Being agents of transformation

By Giles Fraser
October 17, 2007

When write something a bit controversial in the newspapers I get a flurry of emails and letters informing me that I have flushed my career down the lavatory. “You’ll never be a bishop now,” they say. Well, some of them, anyway.

What depresses me about these letters is that they assume that the ambition of the clergy is limited to who becomes the next Bishop of Grimthorpe or Archdeacon of Bunty. If this is the extent of clerical ambition, then it is nowhere near ambitious enough.

There is a phrase that stuck with me long ago after reading R. W. Church’s history, The Oxford Movement (1891). He described the stereotypical genial broad-church clergyman, before Keble’s great theological revolution, as “not fully alive to the greatness of his calling”.

There could hardly be a more damning condemnation of a priest. Or any disciple, for that matter.

No, what we need in the Church is not less ambition, but more. We are charged with the most ambitious calling of them all: to be agents of God’s all-transforming love to the world. There is nothing modest about this commission.

“Why, Richard, it profits a man nothing to lose his soul for the whole world . . . but for Wales?” says Thomas More in A Man for All Seasons to his betrayer, Richard Rich, who has been made Attorney-General of Wales.

Now, I mean no disrespect to Wales (that would be an unnecessary piece of career suicide in the present dispensation), but More is right to tease Rich for his pathetic lack of ambition, just as Rich thinks he has made it.

None the less, it would be too easy and high-minded simply to contrast bad “personal ambition” with good “gospel ambition”. The reality is so much more complex, because all of us are amalgams of good and bad, with personal ambition and gospel ambition fighting it out in a continual battle of the soul.

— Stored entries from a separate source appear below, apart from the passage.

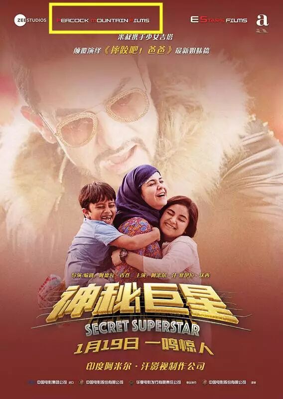 与以往引进内地的印度电影不同,今天上映的《神秘巨星》身份也有所改变,从前的印度电影进入内地市场一直是走批片名额,这一次《神秘巨星》是以分账片形式引进,同时影片背后也有中国资方的身影出现,在影片海报上印有孔雀山影业的公司名,与印度出品方Zee Studios、Aamir Khan Productions Ltd.(阿米尔·汗制作有限公司)并列。
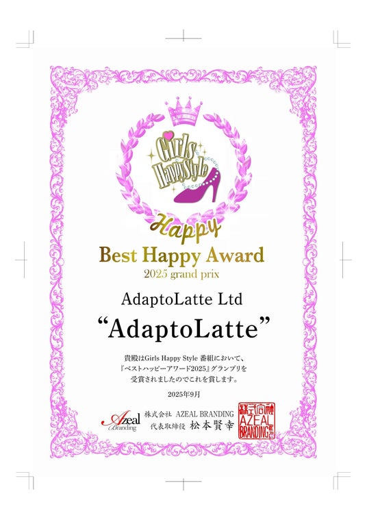 イギリス発のマッシュルームコーヒーブランドであり、日本で最初かつ最大級のマッシュルームコーヒーブランド「アダプトラテ」(AdaptoLatte ltd / 代表 阿部翔音、ソフィー・レーン)は、地上波TV番組『東京女神コレクション ガールズハッピースタイル』にてご紹介され、ベストスマイルアワード2025グランプリを受賞しました。
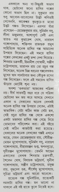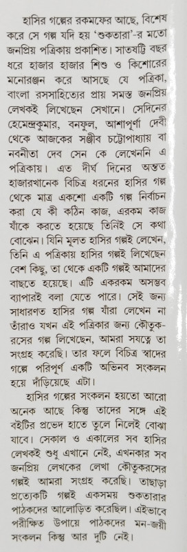হাসির গল্পের সংকলন হয়তো আরো অনেক আছে কিন্তু তাদের সঙ্গে এই বইটির প্রভেদ হাতে তুলে নিলেই বোঝা যাবে। সেকাল ও একালের সব হাসির লেখকই শুধু এখানে নেই, এখনকার সব জনপ্রিয় লেখকের লেখা কৌতুকরসের গল্পই আমরা সংগ্রহ করেছি। তাছাড়া প্রত্যেকটি গল্পই একসময় শুকতারার পাঠকদের আলোড়িত করেছিল। এইভাবে পরীক্ষিত উপায়ে পাঠকদের মন-জয়ী সংকলন কিন্তু আর দুটি নেই।

Sometimes, the restless energy of the ego can be requisitioned for the good of others. Sometimes, selfless unworldly “gospel ambition” can be used as an alibi for the failure of the new church-hall project, or the fact that fewer people are coming to your church. I admit it: it is (partly) my ego that wants my church full. Good ambition and bad ambition weave in and out of each other.

I may be wrong about all of this, but because we so rarely have a grown-up discussion about ambition in the Church, we allow this great spiritual battle to take place in the dark. And spiritual battles in the dark allow evil a mighty head start.


(c) Giles Fraser. The author is Anglican Team Rector of Putney and a lecturer in philosophy. His most recent book is Christianity with Attitude.